Ahead of the 2014 general election, the Election Commission altered the boundaries of the constituency by removing one union parishad of Ulipur Upazila: Saheber Alga, and four union parishads of Rajarhat Upazila: Bidyananda, Gharialdanga, Nazimkhan, and Omar Majid, and adding all but two union parishads of Chilmari Upazila: Ashtamir Char and Nayerhat.

Ahead of the 2018 general election, the Election Commission altered the boundaries of the constituency by removing all portions of Chilmari Upazila, and adding the only missing union parishad of Ulipur Upazila: Saheber Alga.

== Members of Parliament ==

| Election |  | Member | Party |
|  | 1986 | AKM Maidul Islam | Jatiya Party |
|  | 1991 | Md. Amjad Hossain Talukdar | Awami League |
|  | Feb 1996 | AKM Maidul Islam | BNP |
|  | Sep 1996 by-election | Mozammel Hossain Lalu | Jatiya Party |
|  | 2001 | Md. Motiur Rahman | Islami Jatiya Oikya Front |
|  | 2008 | AKM Maidul Islam | Jatiya Party |
|  | 2018 by-election | Akkas Ali |
|  | 2018 | MA Matin | Awami League |
|  | 2024 | Soumendra Prasad Pandey |
|  | 2026 | Md Mahbubul Alam | Bangladesh Jamaat-e-Islami |

== Elections ==

=== Elections in the 2020s ===

General election 2026: Kurigram-3
| Party |  | Candidate | Votes | % | ±% |
|---|---|---|---|---|---|
|  | GOP | Md. Noor Ershad Siddiqui |  |  |  |
|  | BNP | Tasveer ul Islam |  |  |  |
|  | JP(E) | Abdus Sobhan |  |  |  |
|  | IAB | Dr. Md. Akkas Ali Sarkar |  |  |  |
|  | Jamaat | Md. Mahbubul Alam |  |  |  |
|  | Independent | Md. Shafiur Rahman |  |  |  |
| Majority |  |  |  |  |  |
| Turnout |  |  |  |  |  |

=== Elections in the 2010s ===
AKM Maidul Islam died in May 2018. Akkas Ali was elected in a July by-election.
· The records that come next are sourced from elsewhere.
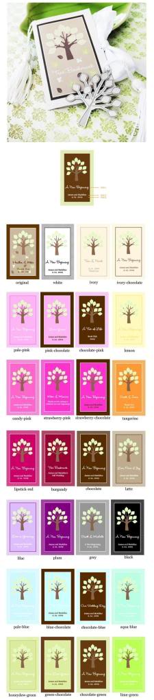 Mark your "New Beginning" with the ideal gift for this fall - a stunning stainless steel bookmark carved into a beautiful tree. Guests will be reminded of your blessed union each time they pick up their favorite book. Each silver colored tree comes in its very own shimmery white book shaped folder with a white satin ribbon closure. Bookmarks are strung to a white tassel that dangles from the top of each folder. Each folder is labeled with the words "Tree Bookmark". This beautiful bookmark with its creative packaging is sure to be enjoyed by guests for years to come. And here's an idea - try slipping in this tree bookmark along with your save-the-date cards to make sure guests "mark" the date for your fall event! Size: Bookmark - 2.5", finished folder - 2.75" x 4.25". Matching personalized labels are available for $0.25 per label when ordering 24 or more of this item. Line 1: 12 Characters Line 2: 16 Characters Line 3: 16 Characters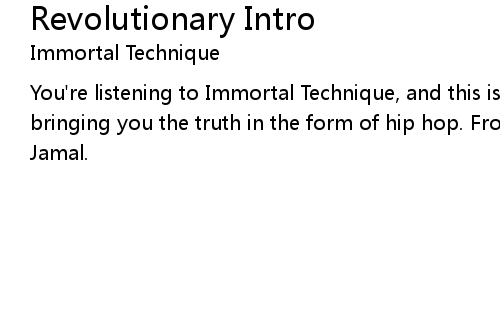 | You're listening to Immortal Technique, and this is Revolutionary Vol. 2: bringing you the truth in the form of hip hop. From Death Row, this is Mumia Abu Jamal. |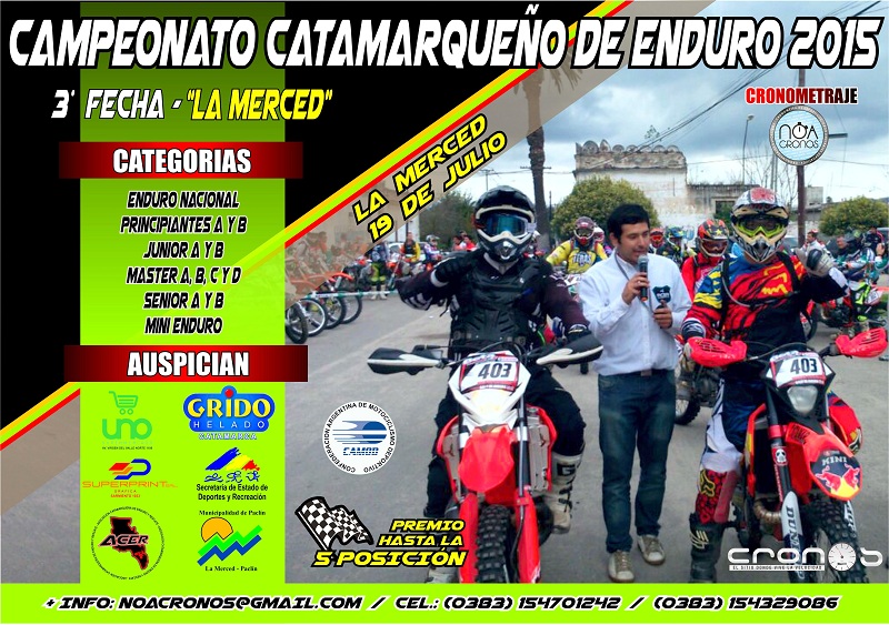 Con la organiza y fiscalización de la HACER la competencia está habilitada para las categoría Enduro nacional, Principiantes A y B, Junior A y B, Máster A, B, C y D, Sénior A y B y Mini Ebduro.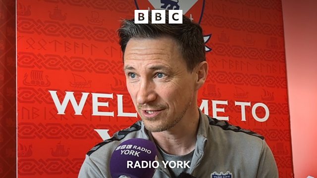 York City manager Stuart Maynard speaking to David Ward, ahead of their final home game of the regular season against Yeovil.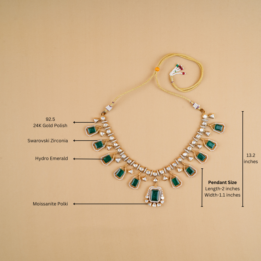 Get ready to receive endless compliments on your special day with this stunning piece. The necklace is meticulously handcrafted in 92.5 silver and embellished with dazzling moissanite polki, featuring a beautiful pendant with a hydro emerald.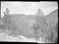 Lake Merced from the west, stunted pine in f.g.. Yosemite Park, Cal.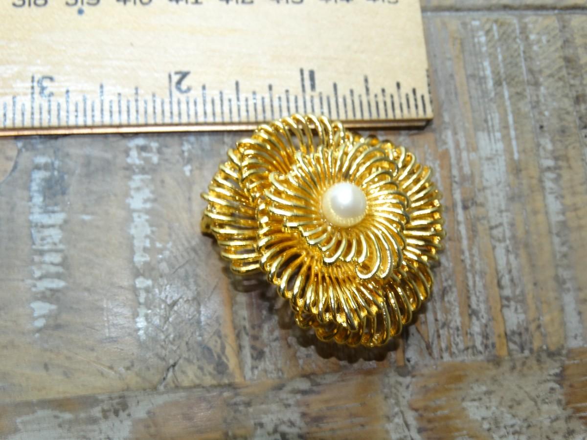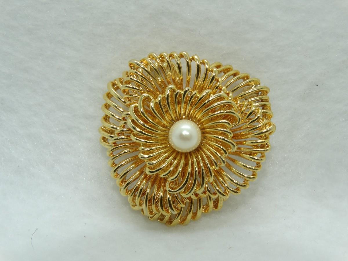 Gold Tone Pearl Flower Brooch

Kurigram-3 by-election, 2018
| Party |  | Candidate | Votes | % | ±% |
|  | JP(E) | Akkas Ali | 82,598 | 50.8 | N/A |
|  | AL | MA Matin | 79,895 | 49.2 | N/A |
| Majority |  |  | 2,703 | 1.7 | N/A |
| Turnout |  |  | 162,493 | 44.3 | N/A |
|  | JP(E) hold |  |  |  |

AKM Maidul Islam was elected unopposed in the 2014 general election after opposition parties withdrew their candidacies in a boycott of the election.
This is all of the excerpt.